Moral Ambition




Moral Ambition is both a call to action and a manifesto for a self-proclaimed new movement from Dutch Rutger Bregman, who is probably best-known for his progressive thinking on universal basic income. The book’s subtitle “Stop Wasting Your Talent and Build a Legacy that Matters” reveals Bregman’s own aspirations and ambitions, even though it remains to be seen how compellingly he presents the case for more moral ambition.

According to Bregman, moral ambition is the will to drastically change the world, to devote your career to the big challenges of our time. Through a straightforward quadrant-style analysis, which considers both ambition and idealism, Bregman scrutinizes the societal contributions of people in bullshit jobs, consultancy and banking professionals, and well-meaning vegetarians alike.

In doing so, he challenges the common societal measures of success, such as “prestigious job titles, hefty salaries, and corner offices” more than anything. Bregman suggests his book might be uneasy to read, especially for people over thirty, who are “unlikely to change their [life’s] course”, thus highlighting the book’s focus on individualistic and self-help themes.

Predominantly, Bregman leans on anecdotal evidence from historical figures. Moral Ambition‘s narrative banks almost entirely on the English abolitionist movement and the allegedly crucial role of Thomas Clarkson in it. If Bregman were to be believed, Clarkson’s central position within the Quaker community is the sole reason the English slave trade and slavery in general were abandoned in the 19th century.

In doing so, Bregman overlooks the multifaceted nature of abolitionism, including the contributions of other advocates, the agency of oppressed slaves, the declining economic profitability of slave trade, peripheral changes in society, and growing worldwide interconnectivity. His critique of the progressive left’s focus on systemic issues, accusing it of fostering inaction, further underscores a preference for personality-driven change over systemic reforms.

Moral Ambition shows further signs of intellectual weakness in the causalistic nature of its arguments.
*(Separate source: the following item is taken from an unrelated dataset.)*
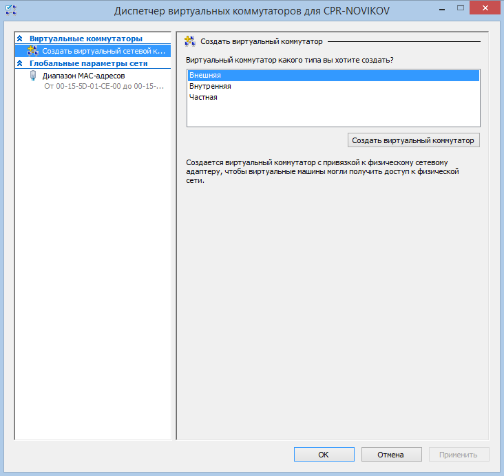 Итак, для создания нового виртуального коммутатора надо выбрать его тип и нажать кнопку «Создать виртуальный коммутатор».

Bregman clearly fits the tradition of writers like Malcolm Gladwell and Steven Pinker, who proclaim a cause-and-effect hyper-optimism about humankind, thereby ignoring unknown negative externalities and systemic risks. This approach mirrors neoliberal tendencies towards emphasizing individual responsibility.

However, the most damning aspect about Moral Ambition lies in the superficial treatment of moral philosophy, wavering aimlessly between Kantian deontology and a Bentham-style utilitarianism, eventually veering towards an extreme form of consequentialism, strongly building on Peter Singer’s Famine, Affluence, and Morality. This is evident in Bregman’s discussion on people like Peter Thiel and Bill Gates, and the effective altruism movement, which he supports almost uncritically. This stance not only perpetuates the issue of personality cults but also controversially prioritizes global philanthropy over local, personal acts of care.

Furthermore, Moral Ambition‘s exploration of ethics is notably shallow, failing to define ‘good’ or explore related concepts such as freedom and inequality. This omission is glaring, especially considering that Bregman also fails to provide a way or framework to establish good courses of action or to deliberate between two competing ethical views.

Ethics, or the question of what is good or what goodness is, is the essence of politics and democratic discourse. However, at no point during the 263 page-long book does Bregman pay any attention to democratic principles or the role of government in tackling society’s challenges. When combining this lack of attention to democracy with his championing personal responsibility, one cannot see past Bregman’s arguments as calling for entrepreneurial strongmen in a thinly veiled consequentialist ethics.

In summary, Moral Ambition is a book that tells its reader to do good without adequately defining what ‘good’ means, resting on a paternalistic appeal to privileged individuals to aid the less fortunate. This overlooks the essential role of systemic change and community involvement in creating a more equitable future, inadvertently lending support to unchecked capitalism and elite philanthropy.

As a result, Moral Ambition ultimately comes across as a self-help book masquerading as something more profound. Bregman offers a morally ambiguous justification for a personal business plan in which the individual defines his own added value and contribution to society. Moral Ambition is therefore not the work of an original thinker, but old wine in new bottles, lacking ethical clarity.

This definitively punctures the contrarian and progressive image that Bregman received after his 2019 Davos performance. He does not offer “an uncomfortable read”, apart from the fact that he adds global and systemic issues to the individual’s already sky-high feeling of responsibility. Also uncomfortable is the sub-par intellectual reasoning of Bregman’s argumentation, severely calling into question the desirability of his proposed moral ambition movement.